同社最大の総合複合施設は何年も赤字が続いている。ドイツ以外の地域ではすべて黒字である。2023年の純利益は2億2,500万ユーロで、グループは2019年からの純利益(84億ユーロ)の約3%しか達成していない。

つまり、利益、ひいてはすべての配当金の支払いは、現在、海外の勤勉なBASF従業員によって生み出されている。ドイツは利益を食いつぶし、もはや配当支払いに貢献していない。

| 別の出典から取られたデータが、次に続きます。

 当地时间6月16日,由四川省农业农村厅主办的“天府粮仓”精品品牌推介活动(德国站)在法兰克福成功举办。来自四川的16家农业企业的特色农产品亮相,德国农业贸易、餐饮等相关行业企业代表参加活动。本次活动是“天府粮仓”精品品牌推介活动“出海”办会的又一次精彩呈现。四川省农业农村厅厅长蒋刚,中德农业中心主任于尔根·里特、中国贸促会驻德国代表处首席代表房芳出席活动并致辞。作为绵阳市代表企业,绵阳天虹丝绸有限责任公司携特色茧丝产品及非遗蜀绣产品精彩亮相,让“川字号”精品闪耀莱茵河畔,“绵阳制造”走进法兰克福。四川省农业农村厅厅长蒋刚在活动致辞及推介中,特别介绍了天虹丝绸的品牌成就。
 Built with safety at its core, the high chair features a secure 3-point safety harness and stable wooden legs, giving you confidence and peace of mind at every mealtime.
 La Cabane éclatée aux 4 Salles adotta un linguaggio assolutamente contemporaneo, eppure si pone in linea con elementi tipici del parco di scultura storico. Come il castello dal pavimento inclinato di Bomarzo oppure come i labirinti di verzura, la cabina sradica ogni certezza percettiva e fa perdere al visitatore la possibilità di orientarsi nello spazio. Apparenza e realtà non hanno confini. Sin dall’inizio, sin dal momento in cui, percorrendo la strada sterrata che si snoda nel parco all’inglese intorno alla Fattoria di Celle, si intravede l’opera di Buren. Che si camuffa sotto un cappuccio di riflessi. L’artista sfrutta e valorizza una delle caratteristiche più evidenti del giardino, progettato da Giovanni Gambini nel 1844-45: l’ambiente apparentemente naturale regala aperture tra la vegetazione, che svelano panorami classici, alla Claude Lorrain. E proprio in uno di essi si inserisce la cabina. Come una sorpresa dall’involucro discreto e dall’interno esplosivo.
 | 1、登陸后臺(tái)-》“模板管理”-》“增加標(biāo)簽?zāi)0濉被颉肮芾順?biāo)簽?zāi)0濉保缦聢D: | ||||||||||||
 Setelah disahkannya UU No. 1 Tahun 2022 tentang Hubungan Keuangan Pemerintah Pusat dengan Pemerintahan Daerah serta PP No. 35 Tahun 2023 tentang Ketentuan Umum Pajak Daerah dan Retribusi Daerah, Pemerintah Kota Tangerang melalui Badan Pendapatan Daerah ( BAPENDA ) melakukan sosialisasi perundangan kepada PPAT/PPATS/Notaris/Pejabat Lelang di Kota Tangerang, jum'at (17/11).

執行役員会は、このような数字を長期的に無視することはできないため、削減を決定した。比較的新しい工場も含め、ドイツ国内の11の生産工場が閉鎖されることになったと、昨日のTagesschau紙が報じている。


#5 政治とビジネスとの決裂

最高経営責任者(CEO)と政治家は、もはや互いに多くを語ることはない。マルティン・ブルーダーミュラーはかつて、緑の党の経済諮問委員会のメンバーであることを誇りに思っていた。彼は、ロベルト・ハーベックが恩着せがましく自分の携帯電話番号を教えてくれただけで、新経済大臣の耳に入っていると信じていた。2021年11月の連立政権発足時、ブルーダミューラーは楽観的な見通しを語った: 

 「3党が合意に達するまでの速さと団結には目を見張るものがある。勇気づけられる兆候だ"」


ハーベックは、原子力産業からの安定した電力供給の廃止を含む気候変動アジェンダを押し通した。化学ガイドライン、サプライチェーン法、法人税に関しても容赦はない。BASFの無言の別れは承認され、受け入れられている。ブルーダミューラーは、今は違うようだ: 

 「産業界の懸念や叫びは、もはや連邦政府には届かない。